[[ Supplied information open ]]

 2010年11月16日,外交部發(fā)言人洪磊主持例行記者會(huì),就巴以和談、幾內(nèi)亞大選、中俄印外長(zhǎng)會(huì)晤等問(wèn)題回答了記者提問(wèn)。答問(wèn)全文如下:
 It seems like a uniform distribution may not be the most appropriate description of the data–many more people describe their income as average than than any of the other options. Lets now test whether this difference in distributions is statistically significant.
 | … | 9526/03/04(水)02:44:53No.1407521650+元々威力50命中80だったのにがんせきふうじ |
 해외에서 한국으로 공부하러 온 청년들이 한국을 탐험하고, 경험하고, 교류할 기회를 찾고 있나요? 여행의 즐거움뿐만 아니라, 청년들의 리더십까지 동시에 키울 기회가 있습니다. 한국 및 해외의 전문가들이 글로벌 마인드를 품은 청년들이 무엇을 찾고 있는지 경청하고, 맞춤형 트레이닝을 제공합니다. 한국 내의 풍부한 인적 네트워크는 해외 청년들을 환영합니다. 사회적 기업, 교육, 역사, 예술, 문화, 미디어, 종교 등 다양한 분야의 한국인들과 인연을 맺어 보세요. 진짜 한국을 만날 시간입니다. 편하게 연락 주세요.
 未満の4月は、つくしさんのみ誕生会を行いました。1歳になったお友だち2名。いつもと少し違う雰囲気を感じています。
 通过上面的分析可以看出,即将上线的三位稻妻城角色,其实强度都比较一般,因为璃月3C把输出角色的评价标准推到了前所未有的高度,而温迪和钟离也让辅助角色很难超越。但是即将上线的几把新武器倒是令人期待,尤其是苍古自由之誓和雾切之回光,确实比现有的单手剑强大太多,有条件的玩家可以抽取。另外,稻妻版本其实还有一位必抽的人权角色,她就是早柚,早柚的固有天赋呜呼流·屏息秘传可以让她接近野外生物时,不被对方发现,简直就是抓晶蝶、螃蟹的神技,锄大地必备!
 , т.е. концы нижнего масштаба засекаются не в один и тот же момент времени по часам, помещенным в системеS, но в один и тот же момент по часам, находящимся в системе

[[ Supplied information closed ]]
[[ Supplied information open ]]

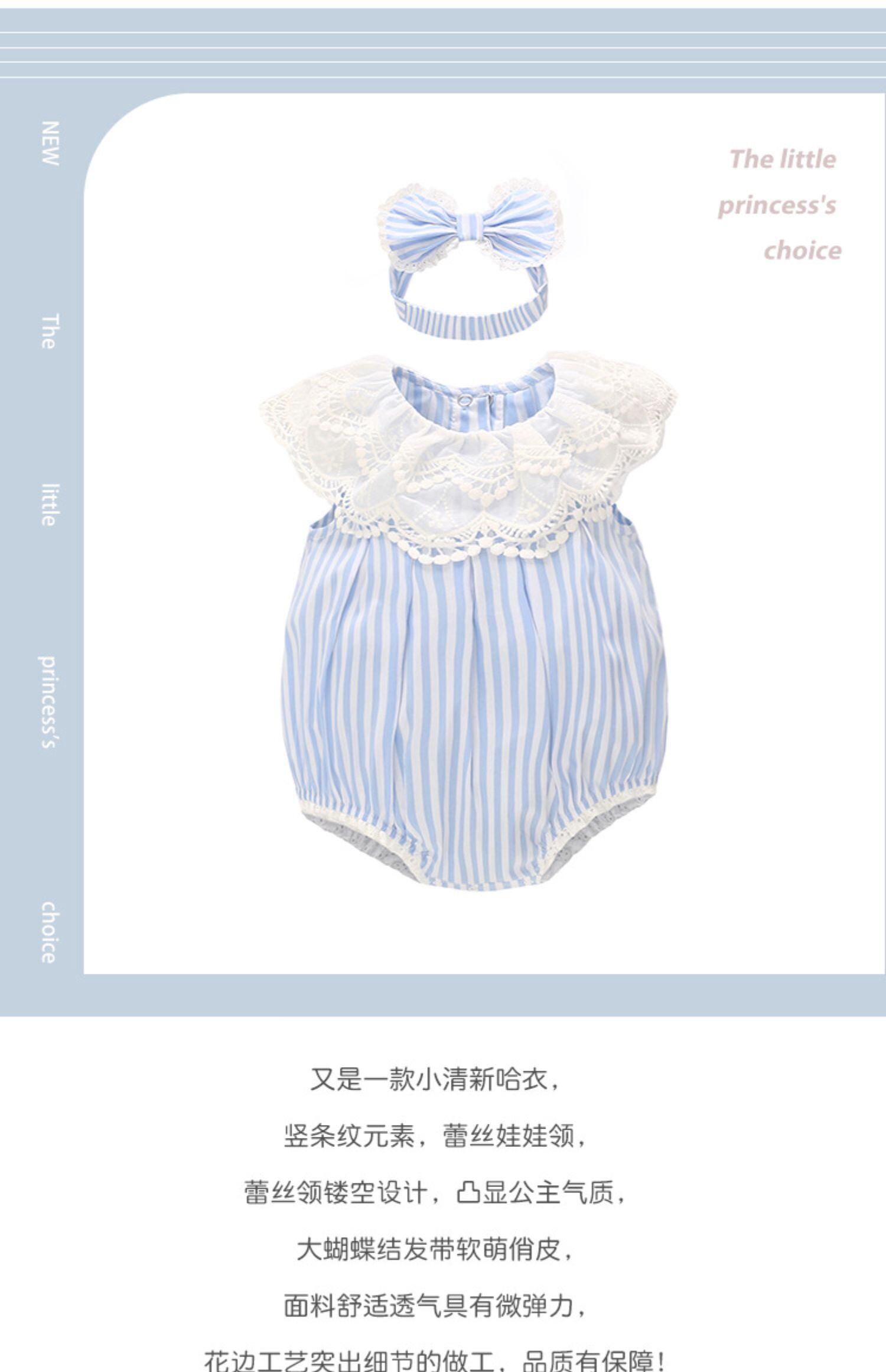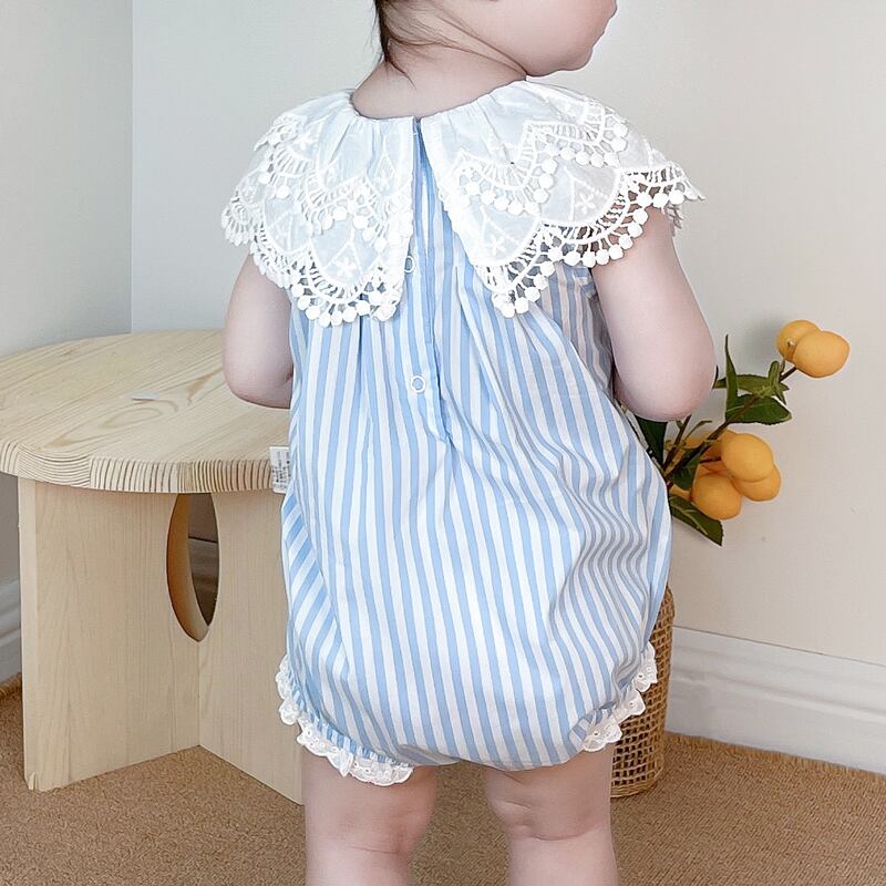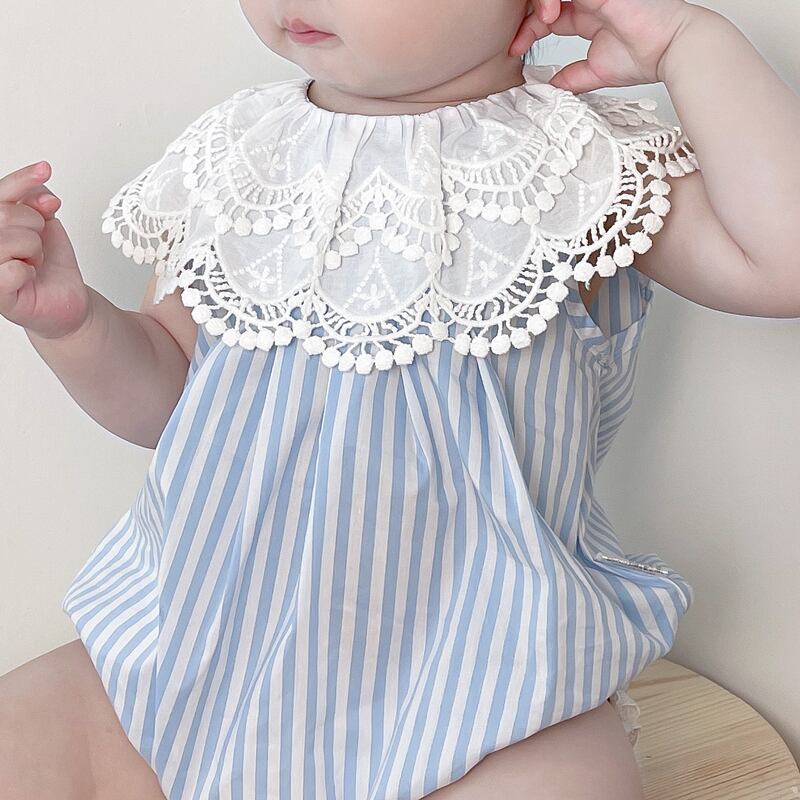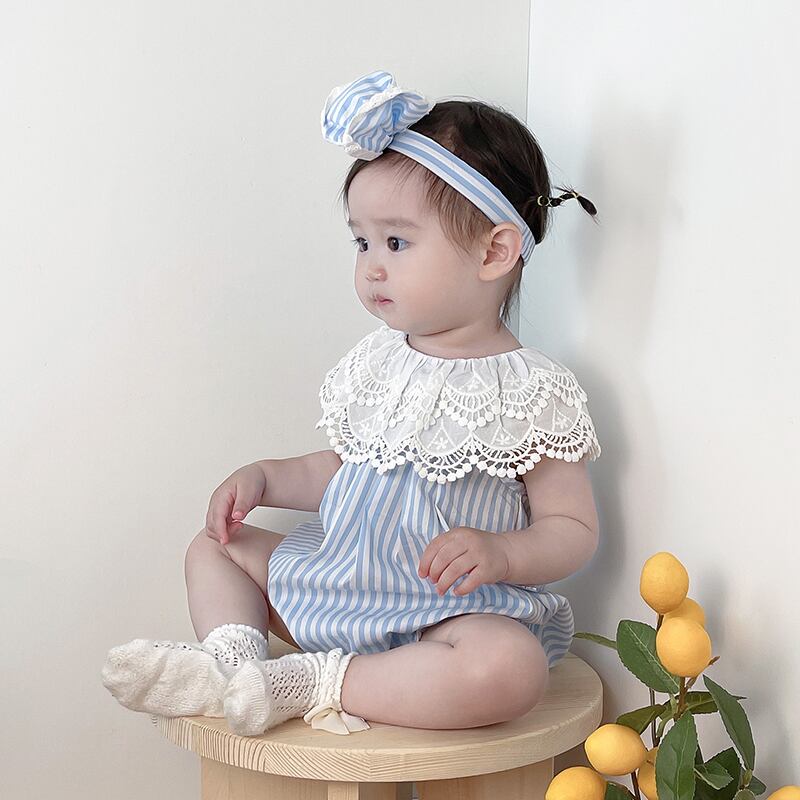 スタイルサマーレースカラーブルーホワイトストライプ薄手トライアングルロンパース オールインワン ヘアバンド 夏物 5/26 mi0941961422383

[[ Supplied information closed ]]

Task instructions —
Beginning at the line with "2010年11月16日,外交" and stopping after the line with "通过上面的分析可以看出,即将", please write out every line of the data above exactly and nothing else.

Answer to this exercise —
 2010年11月16日,外交部發(fā)言人洪磊主持例行記者會(huì),就巴以和談、幾內(nèi)亞大選、中俄印外長(zhǎng)會(huì)晤等問(wèn)題回答了記者提問(wèn)。答問(wèn)全文如下:
 It seems like a uniform distribution may not be the most appropriate description of the data–many more people describe their income as average than than any of the other options. Lets now test whether this difference in distributions is statistically significant.
 | … | 9526/03/04(水)02:44:53No.1407521650+元々威力50命中80だったのにがんせきふうじ |
 해외에서 한국으로 공부하러 온 청년들이 한국을 탐험하고, 경험하고, 교류할 기회를 찾고 있나요? 여행의 즐거움뿐만 아니라, 청년들의 리더십까지 동시에 키울 기회가 있습니다. 한국 및 해외의 전문가들이 글로벌 마인드를 품은 청년들이 무엇을 찾고 있는지 경청하고, 맞춤형 트레이닝을 제공합니다. 한국 내의 풍부한 인적 네트워크는 해외 청년들을 환영합니다. 사회적 기업, 교육, 역사, 예술, 문화, 미디어, 종교 등 다양한 분야의 한국인들과 인연을 맺어 보세요. 진짜 한국을 만날 시간입니다. 편하게 연락 주세요.
 未満の4月は、つくしさんのみ誕生会を行いました。1歳になったお友だち2名。いつもと少し違う雰囲気を感じています。
 通过上面的分析可以看出,即将上线的三位稻妻城角色,其实强度都比较一般,因为璃月3C把输出角色的评价标准推到了前所未有的高度,而温迪和钟离也让辅助角色很难超越。但是即将上线的几把新武器倒是令人期待,尤其是苍古自由之誓和雾切之回光,确实比现有的单手剑强大太多,有条件的玩家可以抽取。另外,稻妻版本其实还有一位必抽的人权角色,她就是早柚,早柚的固有天赋呜呼流·屏息秘传可以让她接近野外生物时,不被对方发现,简直就是抓晶蝶、螃蟹的神技,锄大地必备!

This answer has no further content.